■ **Task input**
____

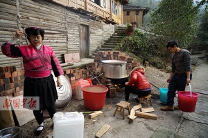 1月21日,桂林市龙胜各族自治县泗水乡周家村白面瑶寨,村民龙回娟的家里杀了一头重约100公斤的猪,并请乡亲们吃庖汤。
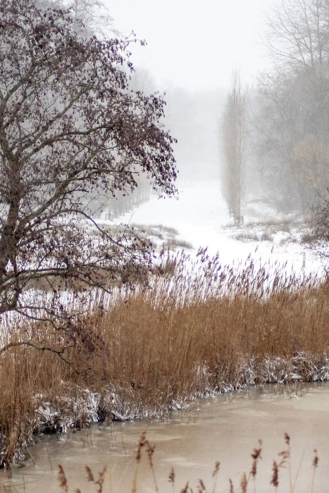 Close to my house in Zwolle you end up in nature. This kind of images can be seen when it snows heavily. The layers in this picture are that you can see the reed in the foreground and the water below. You look away in this image through the nature path exactly in the middle that runs between the trees.
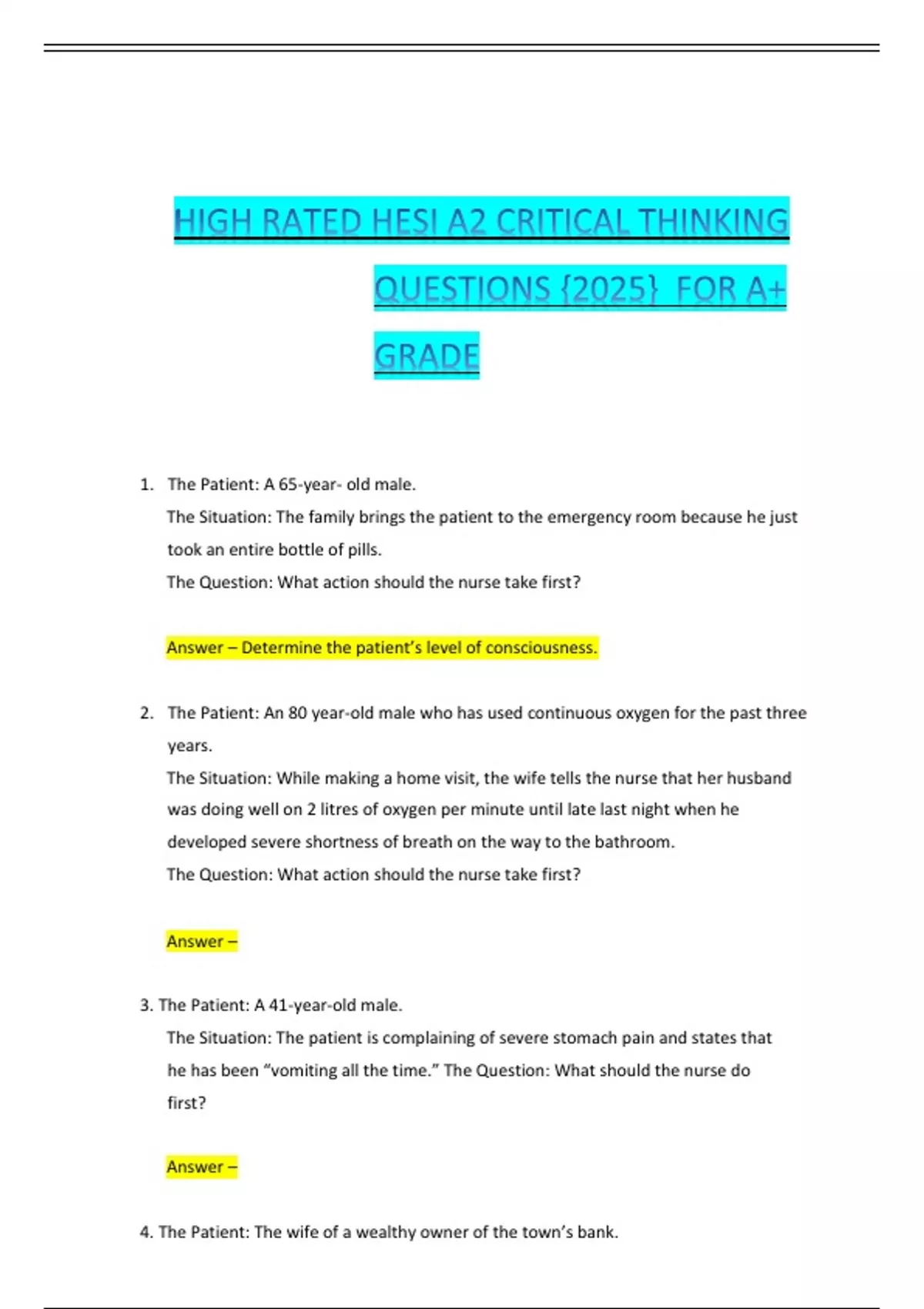The Question: It is most important for the nurse to obtain information about which
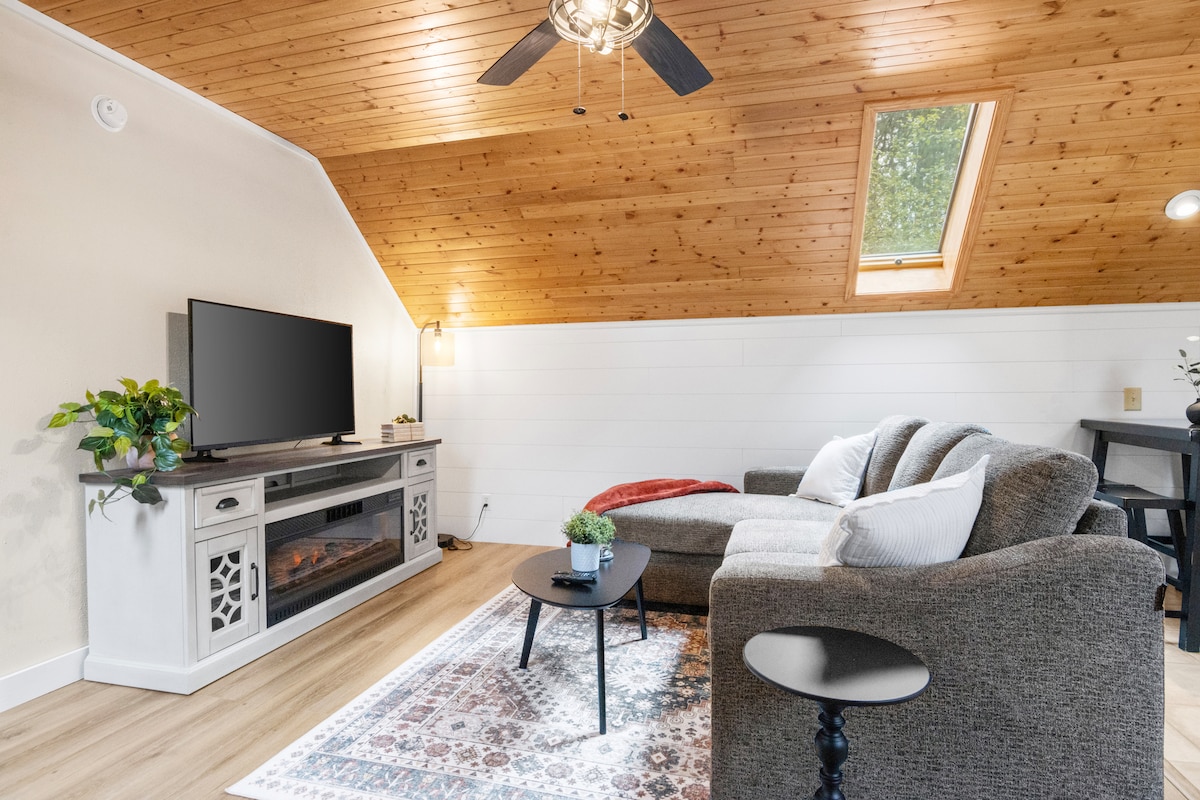 Nestled on the Betsie River near Crystal Mountain, this romantic A-Frame offers a private hot tub under starry skies, a glowing indoor fireplace, and a loft bedroom overlooking the river. Sip local coffee from the espresso bar, fish from the riverbank, or unwind by the firepit. Designed for couples yet comfortable for small families seeking a peaceful riverfront escape. Weekend dates go fast — book early to secure your stay.
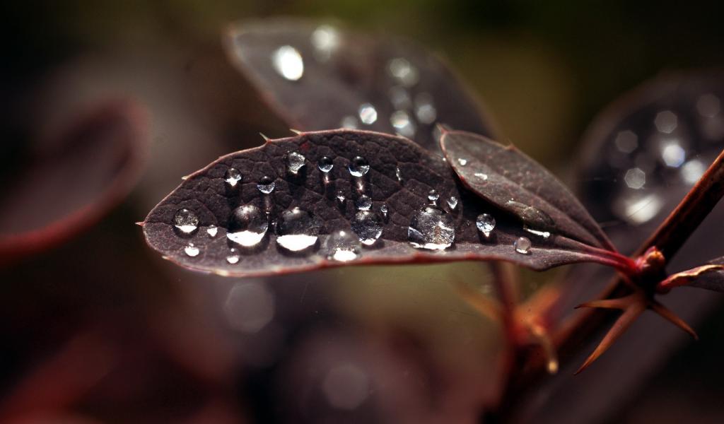 Обои Капли влаги на черных листьях
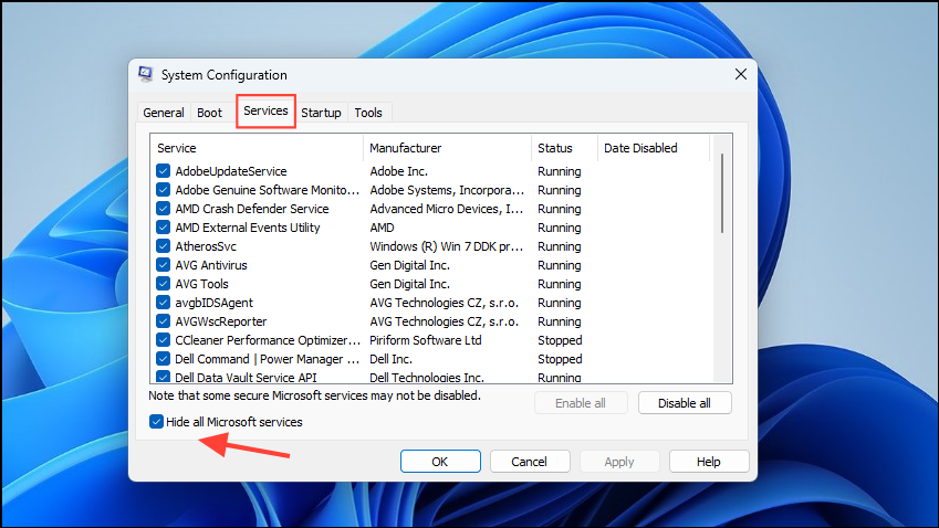 - When the System Configuration utility opens, click on the 'Services' tab at the top and then on the checkbox next to 'Hide all Microsoft services'.

____

■ **About this exercise**
Your reply should consist only of the lines running from the line with "Обои Капли влаги на черных листьях" to the end of the entries, both included, copied exactly and without any pictures.

■ **Written response**
 Обои Капли влаги на черных листьях
 - When the System Configuration utility opens, click on the 'Services' tab at the top and then on the checkbox next to 'Hide all Microsoft services'.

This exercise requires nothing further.